WHAT IS NEEDED -
Exactly as written, retype the lines that run from the line holding "今回は「ポテトチップス工場の" through the end of the records below. Do not include pictures.

TASK DATA -
++++++++++++++++++++
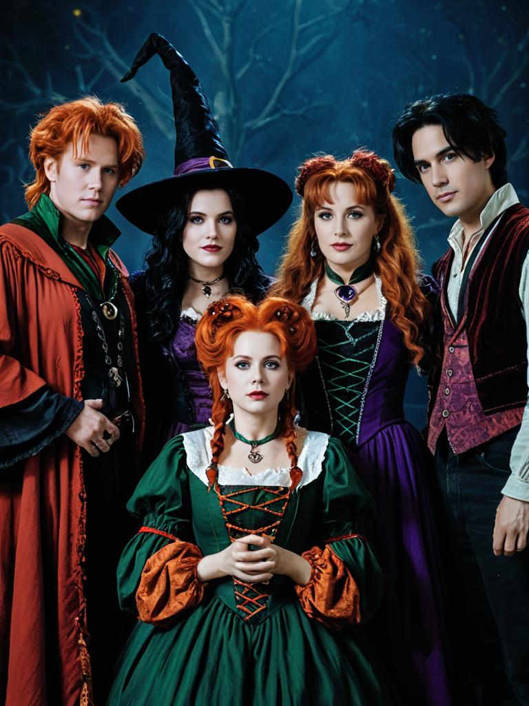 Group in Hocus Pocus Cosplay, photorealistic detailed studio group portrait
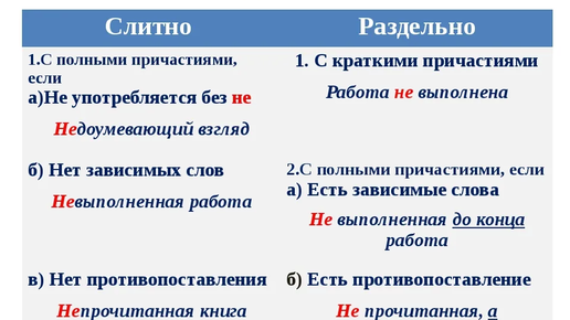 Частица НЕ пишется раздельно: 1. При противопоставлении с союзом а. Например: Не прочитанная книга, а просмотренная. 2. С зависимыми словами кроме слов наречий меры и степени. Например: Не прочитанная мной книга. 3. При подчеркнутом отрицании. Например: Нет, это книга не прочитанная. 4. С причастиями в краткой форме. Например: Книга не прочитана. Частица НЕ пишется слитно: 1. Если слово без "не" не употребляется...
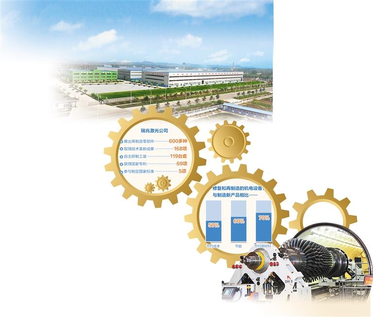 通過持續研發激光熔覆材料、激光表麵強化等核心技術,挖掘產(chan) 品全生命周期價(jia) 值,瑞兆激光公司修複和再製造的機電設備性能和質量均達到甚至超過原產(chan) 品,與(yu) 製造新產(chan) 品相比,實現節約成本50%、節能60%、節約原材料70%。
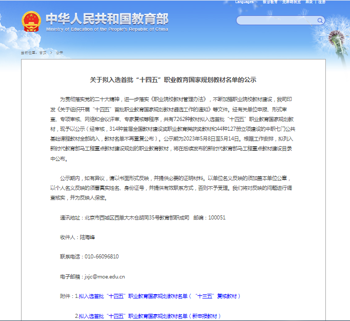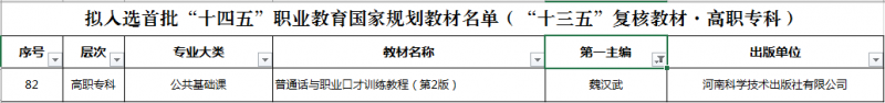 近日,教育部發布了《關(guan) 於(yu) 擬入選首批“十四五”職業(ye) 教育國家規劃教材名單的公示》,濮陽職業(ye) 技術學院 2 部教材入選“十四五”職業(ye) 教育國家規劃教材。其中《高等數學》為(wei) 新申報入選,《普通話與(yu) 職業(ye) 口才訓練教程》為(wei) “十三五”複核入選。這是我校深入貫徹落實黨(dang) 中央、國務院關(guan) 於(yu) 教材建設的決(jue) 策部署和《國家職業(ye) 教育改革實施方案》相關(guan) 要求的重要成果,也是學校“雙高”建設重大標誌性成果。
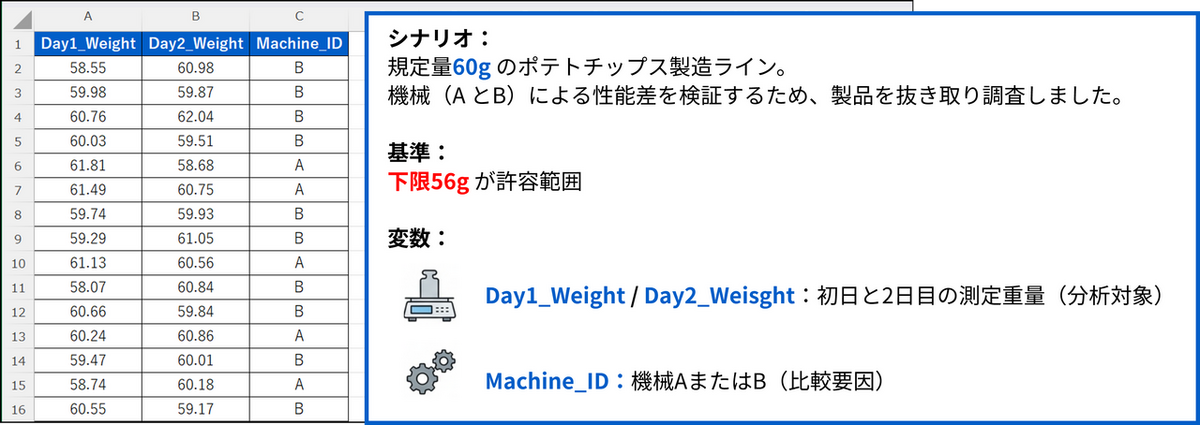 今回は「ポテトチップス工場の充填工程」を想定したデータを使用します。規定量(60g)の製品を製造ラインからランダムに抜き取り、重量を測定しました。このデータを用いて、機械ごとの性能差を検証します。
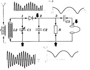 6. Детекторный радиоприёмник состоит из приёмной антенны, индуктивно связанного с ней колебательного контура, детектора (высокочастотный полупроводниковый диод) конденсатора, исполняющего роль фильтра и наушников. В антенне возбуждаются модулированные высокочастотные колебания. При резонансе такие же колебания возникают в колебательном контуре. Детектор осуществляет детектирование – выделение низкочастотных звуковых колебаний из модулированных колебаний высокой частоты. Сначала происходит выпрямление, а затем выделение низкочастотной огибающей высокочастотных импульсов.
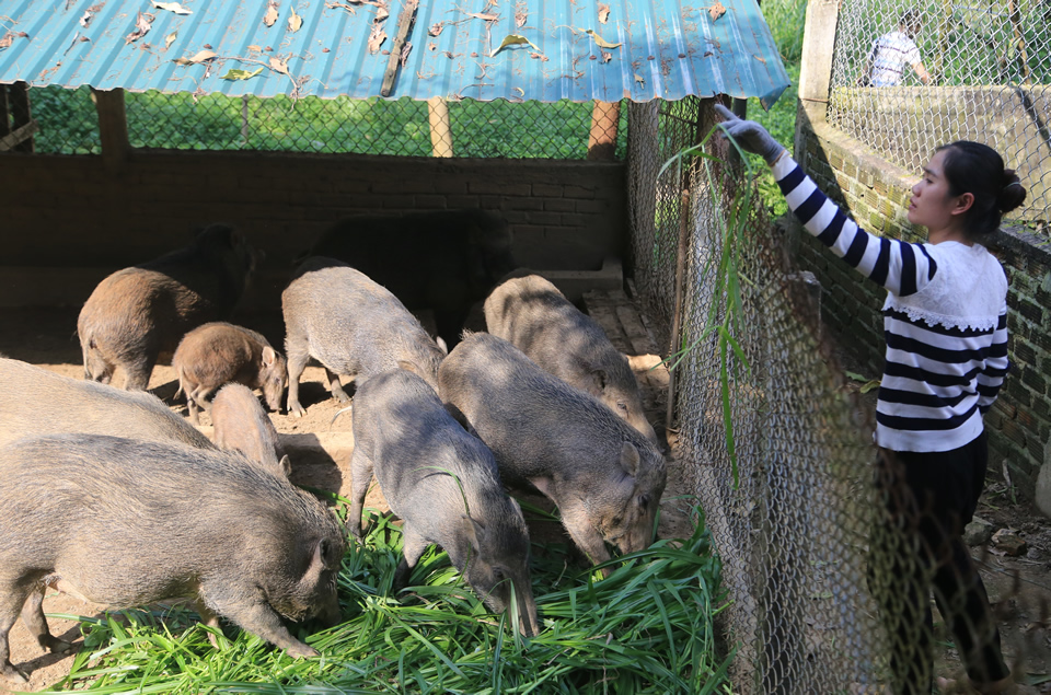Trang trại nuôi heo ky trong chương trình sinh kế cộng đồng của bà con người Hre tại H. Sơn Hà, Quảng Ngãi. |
++++++++++++++++++++
EXERCISE RESPONSE -
 今回は「ポテトチップス工場の充填工程」を想定したデータを使用します。規定量(60g)の製品を製造ラインからランダムに抜き取り、重量を測定しました。このデータを用いて、機械ごとの性能差を検証します。
 6. Детекторный радиоприёмник состоит из приёмной антенны, индуктивно связанного с ней колебательного контура, детектора (высокочастотный полупроводниковый диод) конденсатора, исполняющего роль фильтра и наушников. В антенне возбуждаются модулированные высокочастотные колебания. При резонансе такие же колебания возникают в колебательном контуре. Детектор осуществляет детектирование – выделение низкочастотных звуковых колебаний из модулированных колебаний высокой частоты. Сначала происходит выпрямление, а затем выделение низкочастотной огибающей высокочастотных импульсов.
Trang trại nuôi heo ky trong chương trình sinh kế cộng đồng của bà con người Hre tại H. Sơn Hà, Quảng Ngãi. |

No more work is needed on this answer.